Monday, 24 March 2025

Beach off-limits

A lot can happen overnight, so I get out and about as soon as I've downed my first pot of tea. The key thing is to head-count the sheep: anything other than N = 15 it's Houston we have a problem.  It has happened that we have extras, as when two years ago our abutting neighbour bought in a handful of particularly jumpy sheep. But it's more likely for the count to come up short. Anything missing is dead OR has its head caught in a wire fence OR has gone on holiday. All of these are a pain in the arse. It is therefore a relief when, after repeated counts, the missing beast bursts out of the shrubbery; or is revealed cudding in plain sight exactly masked by a 'larger' sheep [not small but far away] in the foreground.

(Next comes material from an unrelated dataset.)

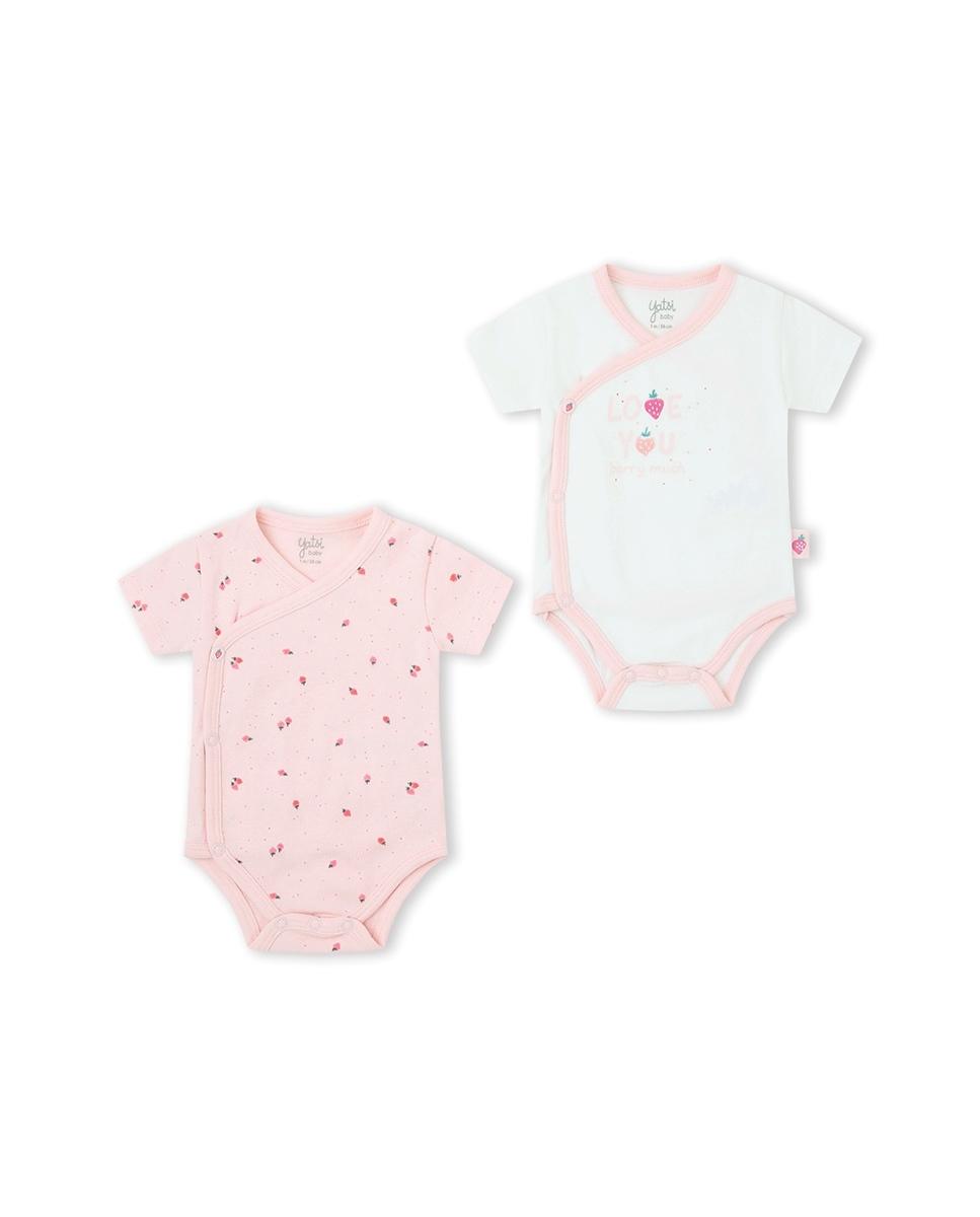 Pack 2 bodys cruzados de manga corta para bebé niña.

08:00 last Wednesday it was N = 14 again and I set off à la BoPeep. I say again because one of the sheep has been persistently AWOL over the Winter. She had a bad case of The Itch, lost chunks of fleece and looked quite wretched altogether. It was as if the poor creature had been sent to Coventry or the sheep equivalent of Leperstown. Despite expecting any day to discover her stiff with her legs in the air, she has survived two rounds of treatment and the worst of Winter. When she is away feeling mizz, she is often to be found in or around The Skunch. The Field Over The River is so called because beyond its Eastern edge the land falls abruptly 10m to the river stream which bounds our farm. This cliff tapers off along our field immediately N. Between this gentle slope and the cliff is a bosky dell or 'skunch'. There has always been a low wall parallel to the river in the Skunch and beyond it is a tiny beach covered in willow and shade-loving woodland plants. The kids used to have picnic-and-paddle down there when they were tots, but it's gotten jungly and briar-grown since the girls left home.

And that's where I found the errant sheep. In her earlier lonely sojourns she'd eaten her way through to wall and now was hopped over to the beach. Thence is but a short paddle to Wexford and the neighbour's meadow. Which would never do, so I hooshed her out of it, and spent the rest of the morning running a fence along the dwarf wall. Running a fence requires the assembly of a measured length of sheep-wire + stakes, pry-bar, shovel, staples, sledge-hammer, claw-hammer, pliers, secateurs, gloves, chain-saw + PPE. Then pushing a wheel-barrow full of kit 300m down-hill on a 1:10 slope. Down is easy, but you really don't want to push 40m = 20kg of off-cut sheep wire UP hill. 

We'll have to see what happens but the beach is now officially off-limits. indicating the two more-or-less vertical trees which book-end and support the wire. Dry-stone walls are the very devil for driving fence-posts unless they are tall enough and wide enough to have two faces back-filled with small stones and sod. Not the case here, so three (3) posts will have serve for the 11m run of fence.